***** Listed records *****

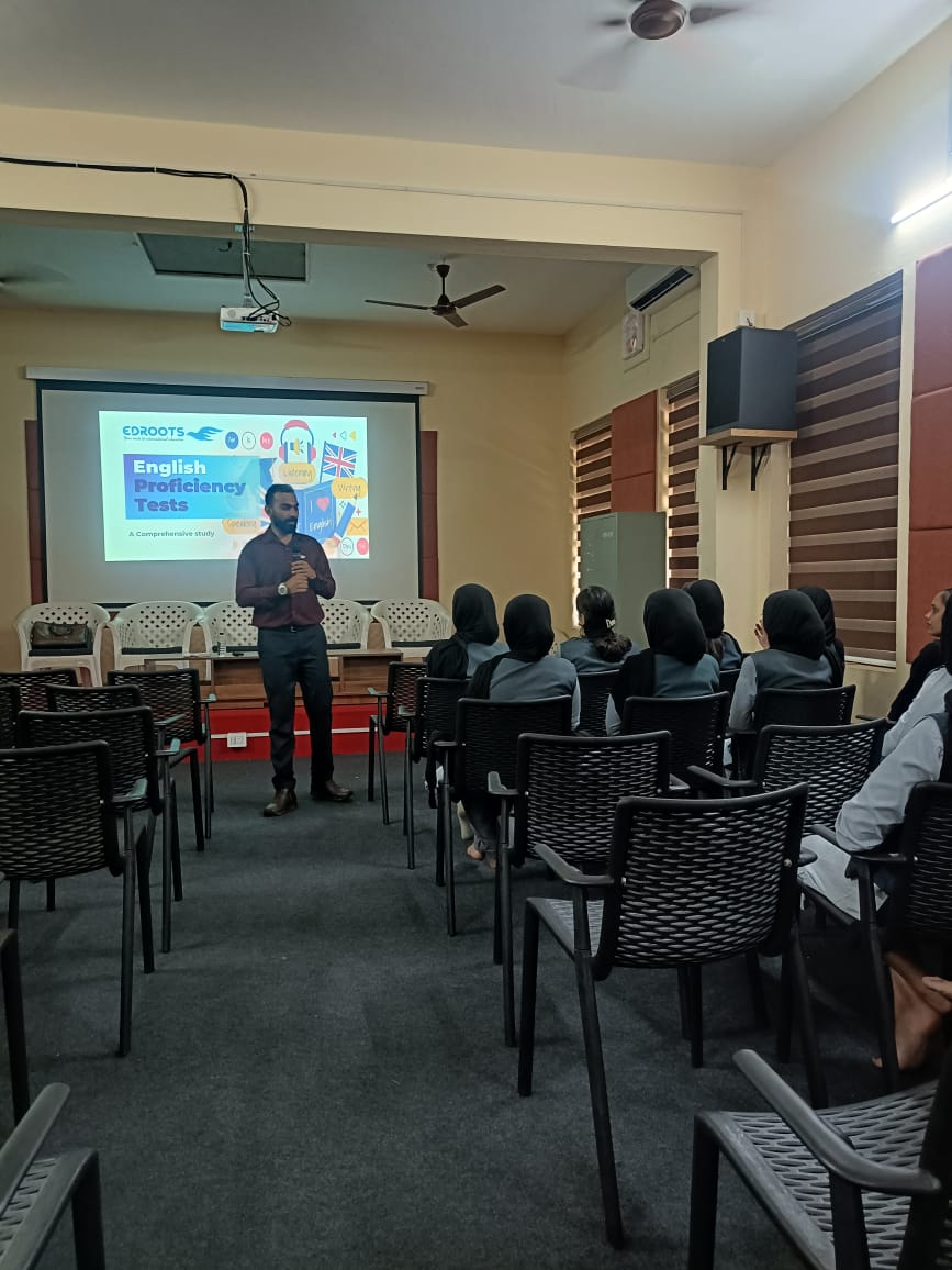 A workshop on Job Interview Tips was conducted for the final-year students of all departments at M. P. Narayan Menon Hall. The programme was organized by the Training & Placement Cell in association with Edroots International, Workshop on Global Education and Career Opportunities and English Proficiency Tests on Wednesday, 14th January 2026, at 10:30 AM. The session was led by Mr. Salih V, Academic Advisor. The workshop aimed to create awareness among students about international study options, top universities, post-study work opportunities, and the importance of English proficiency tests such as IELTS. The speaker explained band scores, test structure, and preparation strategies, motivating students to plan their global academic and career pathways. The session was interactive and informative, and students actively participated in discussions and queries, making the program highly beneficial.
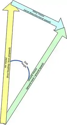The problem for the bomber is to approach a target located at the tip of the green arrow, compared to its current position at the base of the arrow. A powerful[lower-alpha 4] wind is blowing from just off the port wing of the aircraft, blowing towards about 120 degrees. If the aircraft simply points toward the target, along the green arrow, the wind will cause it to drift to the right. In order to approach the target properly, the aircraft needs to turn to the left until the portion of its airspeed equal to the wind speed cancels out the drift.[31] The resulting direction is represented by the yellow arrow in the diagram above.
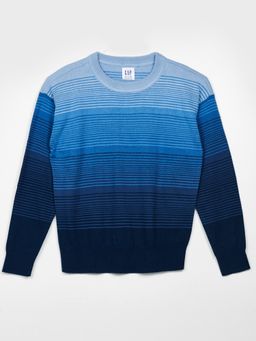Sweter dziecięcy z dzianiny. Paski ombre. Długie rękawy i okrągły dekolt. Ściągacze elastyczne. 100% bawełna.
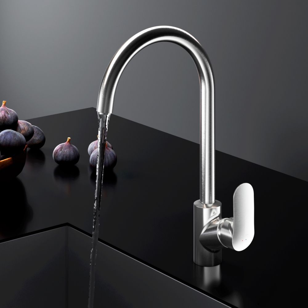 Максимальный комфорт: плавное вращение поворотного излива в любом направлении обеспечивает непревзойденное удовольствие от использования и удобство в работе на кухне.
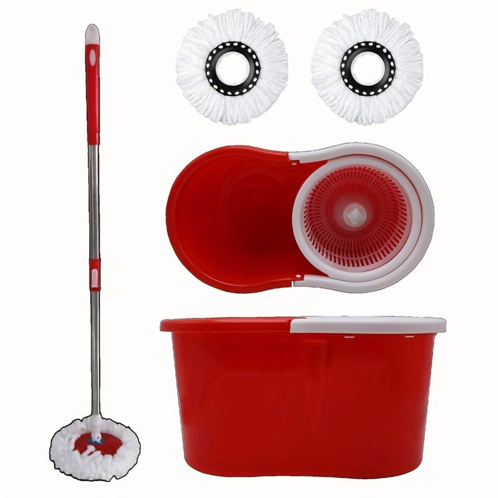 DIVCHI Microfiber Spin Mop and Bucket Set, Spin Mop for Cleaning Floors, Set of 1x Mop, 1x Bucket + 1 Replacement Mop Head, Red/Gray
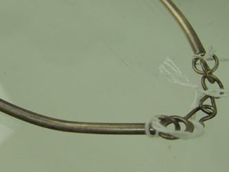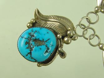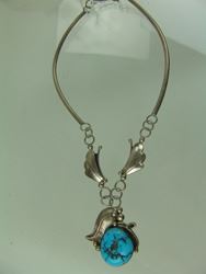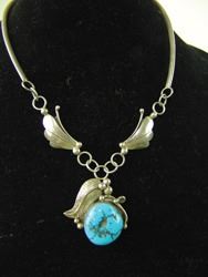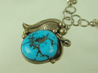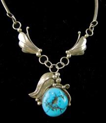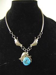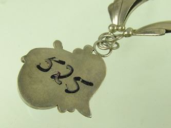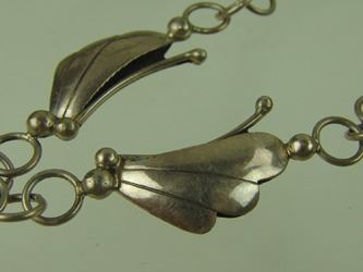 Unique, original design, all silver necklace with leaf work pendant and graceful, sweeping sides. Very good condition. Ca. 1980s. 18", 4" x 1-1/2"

*****

Description of the task
Skip the pictures and retype exactly the lines from the one that contains "Sweter dziecięcy z" to the last line of the records.

Answer to the problem
Sweter dziecięcy z dzianiny. Paski ombre. Długie rękawy i okrągły dekolt. Ściągacze elastyczne. 100% bawełna.
 Максимальный комфорт: плавное вращение поворотного излива в любом направлении обеспечивает непревзойденное удовольствие от использования и удобство в работе на кухне.
 DIVCHI Microfiber Spin Mop and Bucket Set, Spin Mop for Cleaning Floors, Set of 1x Mop, 1x Bucket + 1 Replacement Mop Head, Red/Gray
 Unique, original design, all silver necklace with leaf work pendant and graceful, sweeping sides. Very good condition. Ca. 1980s. 18", 4" x 1-1/2"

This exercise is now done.